[Collected data — start]

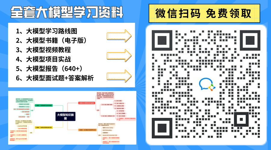 这份完整版的大模型 AI 学习资料已经上传CSDN,朋友们如果需要可以微信扫描下方CSDN官方认证二维码免费领取【保证100%免费
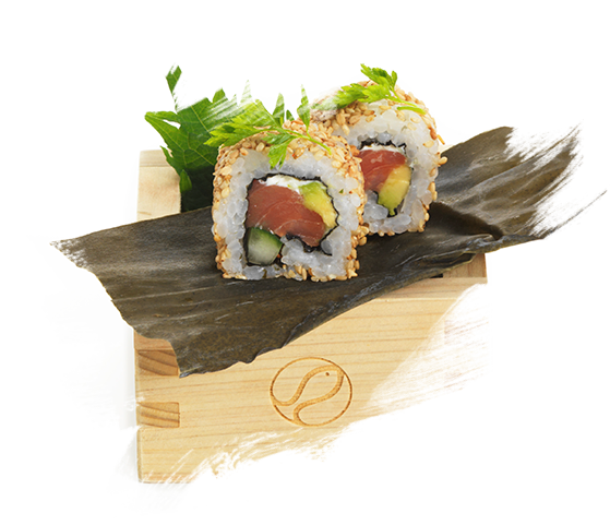 tun • avocado • sød/stærk chili mix • masago • shiso • sød misosauce • rullet i ume sesam • chili sesam
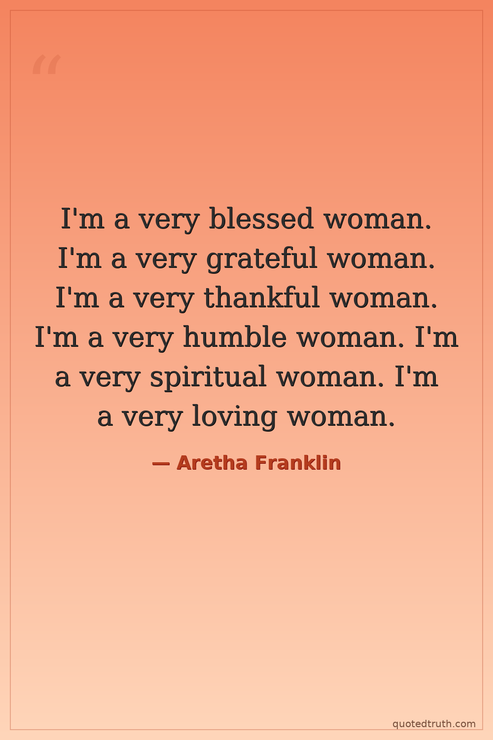 I'm a very blessed woman. I'm a very grateful woman. I'm a very thankful woman. I'm a very humble woman. I'm a very spiritual woman. I'm a very loving woman.
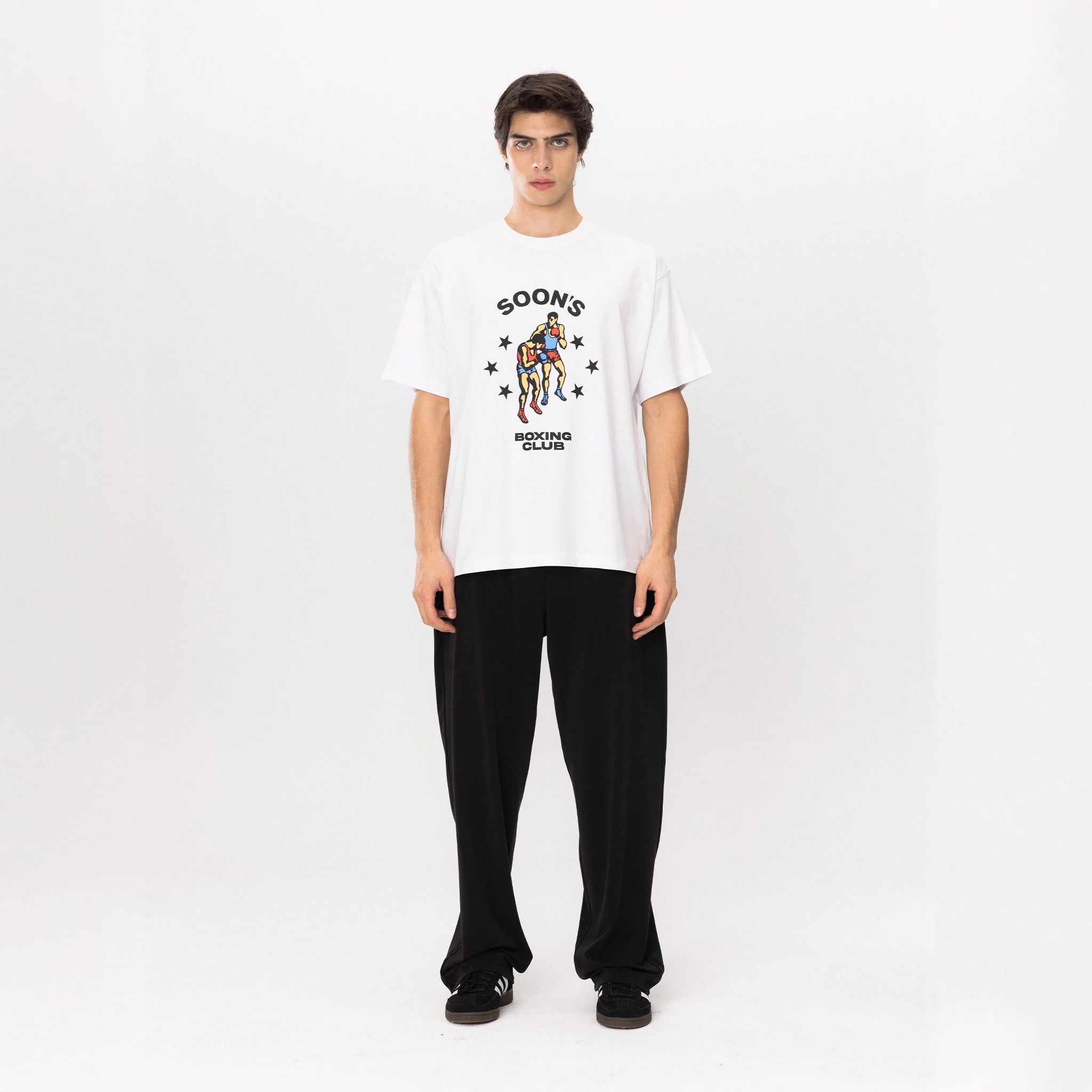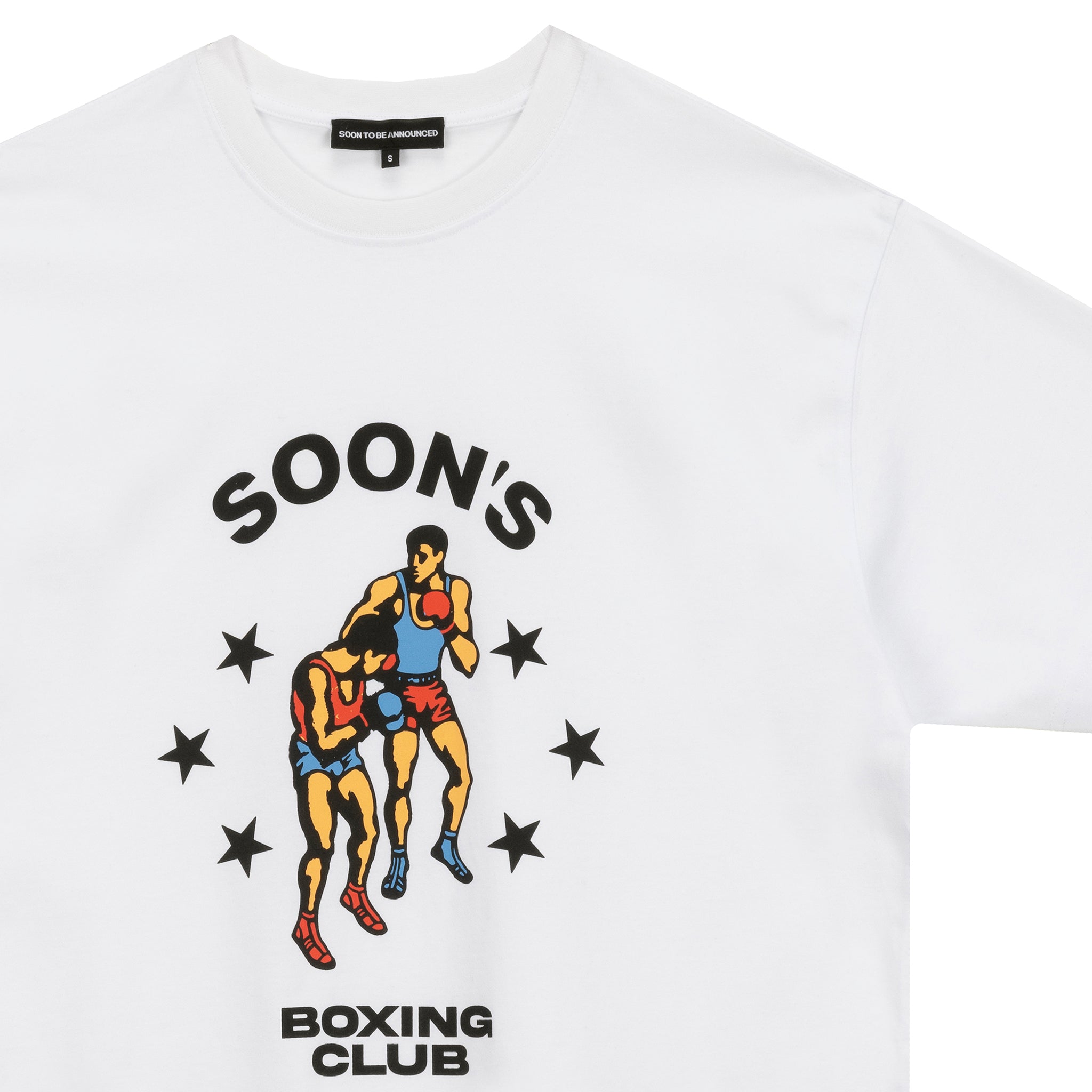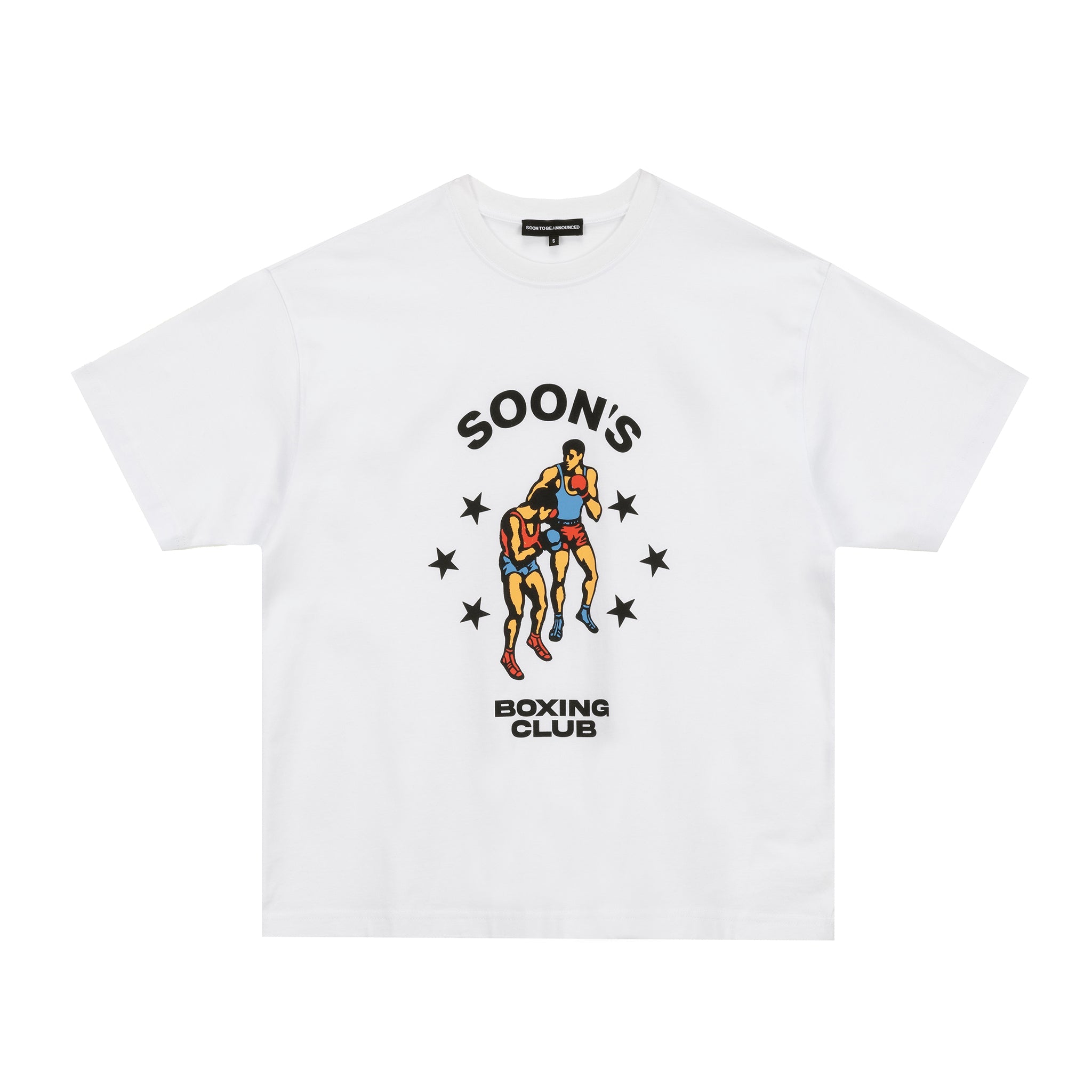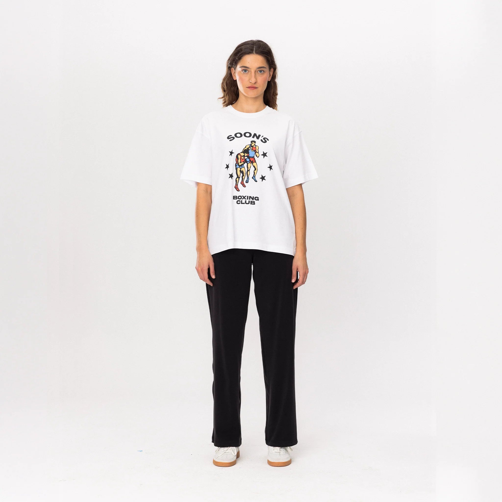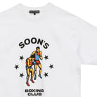 The Retro Boxing GYM Tee channels old-school boxing posters with its bold graphic of two fighters locked in motion, surrounded by star detailing and the SOON’S Boxing Club emblem.

[Collected data — finish]

__Assignment__. Leaving the images out, retype all the material above exactly.

__Exercise result__.
 这份完整版的大模型 AI 学习资料已经上传CSDN,朋友们如果需要可以微信扫描下方CSDN官方认证二维码免费领取【保证100%免费
 tun • avocado • sød/stærk chili mix • masago • shiso • sød misosauce • rullet i ume sesam • chili sesam
 I'm a very blessed woman. I'm a very grateful woman. I'm a very thankful woman. I'm a very humble woman. I'm a very spiritual woman. I'm a very loving woman.
 The Retro Boxing GYM Tee channels old-school boxing posters with its bold graphic of two fighters locked in motion, surrounded by star detailing and the SOON’S Boxing Club emblem.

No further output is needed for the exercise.